This is about probable NBA hall-of-famer Reggie Miller and how he turned into
a renowned trash talker. Apparently a lot of the drive came from growing up
under the thumb of his even more successful older sister. The day he scored 40
points in a high school game was the day she scored 105. He couldn't beat her
one-on-one until he was an adult.
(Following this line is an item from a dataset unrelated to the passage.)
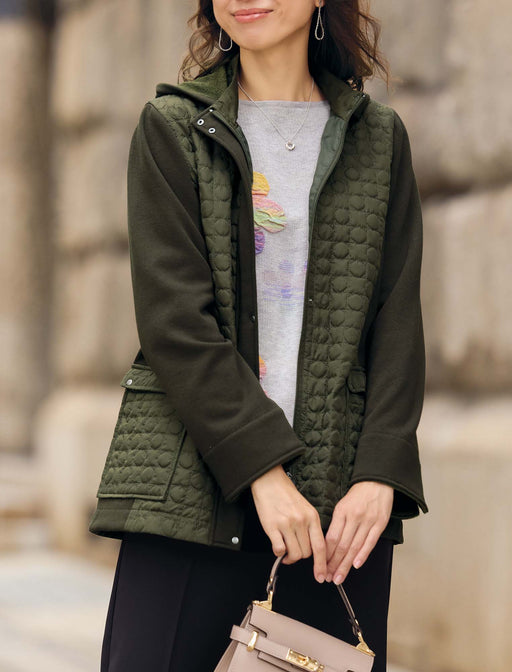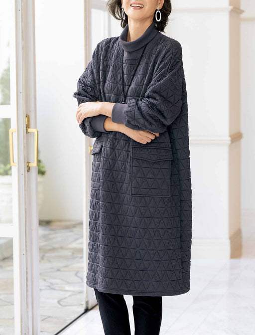 フロントのキルト切替えが、着膨れしがちな冬の装いをスマートに演出。 カットソー素材をベースにしているから、驚くほど軽く、肩こり知らずの着心地で。 家事の合間の外出から、冬のお散歩まで。あなたの日常に、一番近い温もりを届けます。

Now trash-talking is not the same as
success, but it takes some tenacity to keep challenging people no matter how
the game is flowing.

How many of us wish our parents and siblings were meaner?

------
jaspertheghost
I believe that tenacity leads to luck, simply through more tries:

Chance II springs from your energetic, generalized motor activities... the
freer they are, the better.

[Chance II] involves the kind of luck [Charles] Kettering... had in mind when
he said, "Keep on going and chances are you will stumble on something, perhaps
when you are least expecting it. I have never heard of anyone stumbling on
something sitting down."

[http://pmarca-archive.posterous.com/luck-and-the-
entrepreneu...](http://pmarca-archive.posterous.com/luck-and-the-entrepreneur-
part-1-the-four-kin)

------
n-named
Having hands is a key attribute in successful basketball players.

------
grannyg00se
Summary: Tenacity is important. Others agree. I know some tenacious people.
Yay for me.